Gerechtshof Den Haag

Datum uitspraak
11 november 2014
Publicatiedatum
3 november 2014
Zaaknummer
200.104.355
Instantie
Gerechtshof Den Haag
Type
Uitspraak
Rechtsgebied
Civiel recht
Procedures
  • Hoger beroep
Vindplaatsen
  • Rechtspraak.nl
AI samenvatting door LexboostAutomatisch gegenereerd

Onverschuldigde betaling en bewijswaardering in civiele procedure tussen erfgenamen en tandtechnisch laboratorium

In deze zaak, die voor het Gerechtshof Den Haag diende, gaat het om een hoger beroep van de erfgenamen van [erflaatster] tegen een vonnis van de rechtbank Rotterdam. De erfgenamen, vertegenwoordigd door advocaat mr. D. Vermaat, vorderden de vernietiging van het bestreden vonnis en de afwijzing van de vorderingen van [X] Dental Lab, dat werd vertegenwoordigd door advocaat mr. T.G.M. Gersjes. De zaak draait om de vraag of een betaling van € 6.000,- door [X] Dental Lab aan [erflaatster] onverschuldigd was, omdat deze betaling zou zijn gedaan onder de voorwaarde dat [erflaatster] haar klachten tegen de tandartsen zou intrekken.
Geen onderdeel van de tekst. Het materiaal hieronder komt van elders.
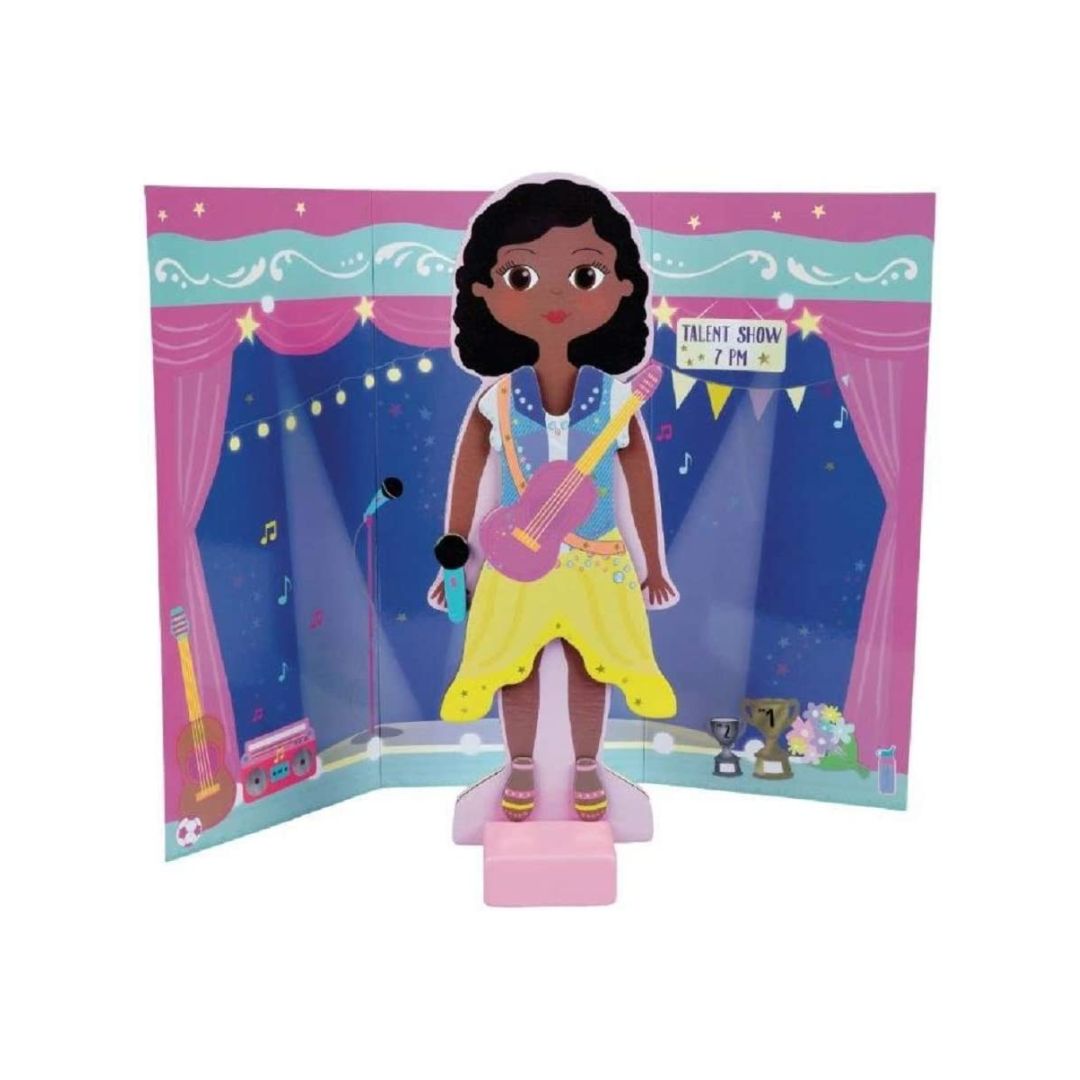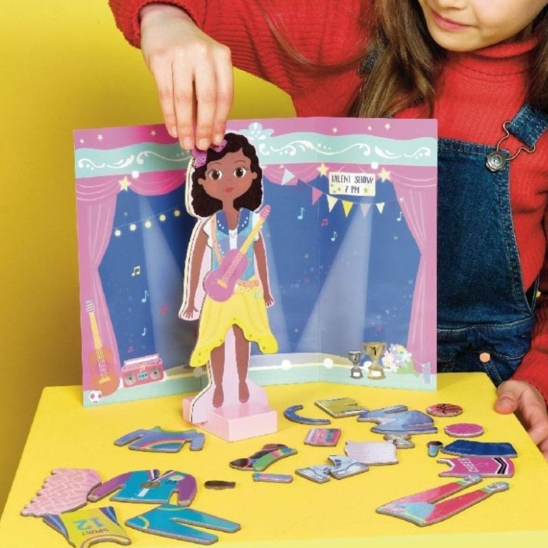 In der wiederverwendbaren Geschenkbox finden sich 40 magnetische Teile, die sich leicht an Zoey befestigen und wieder abnehmen lassen. Diese Teile umfassen verschiedene Kleidungsstücke und Accessoires, die es den Kindern ermöglichen, Zoey in einer Vielzahl von Outfits zu kleiden.
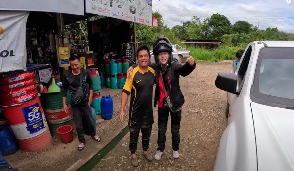 Namun, nasib pasangan tersebut baik selepas beberapa penduduk tempatan yang melalui kawasan tersebut menolong mengangkut motosikal menggunakan kenderaan pacuan empat roda sebelum membawa pasangan tersebut ke bengkel berdekatan.

Het hof heeft vastgesteld dat de rechtbank in een eerder tussenvonnis de feiten heeft vastgesteld die niet in geschil zijn. De erfgenamen hebben in hoger beroep vijf grieven aangevoerd, gericht tegen de bewijswaardering en de verwerping van hun beroep op verrekening.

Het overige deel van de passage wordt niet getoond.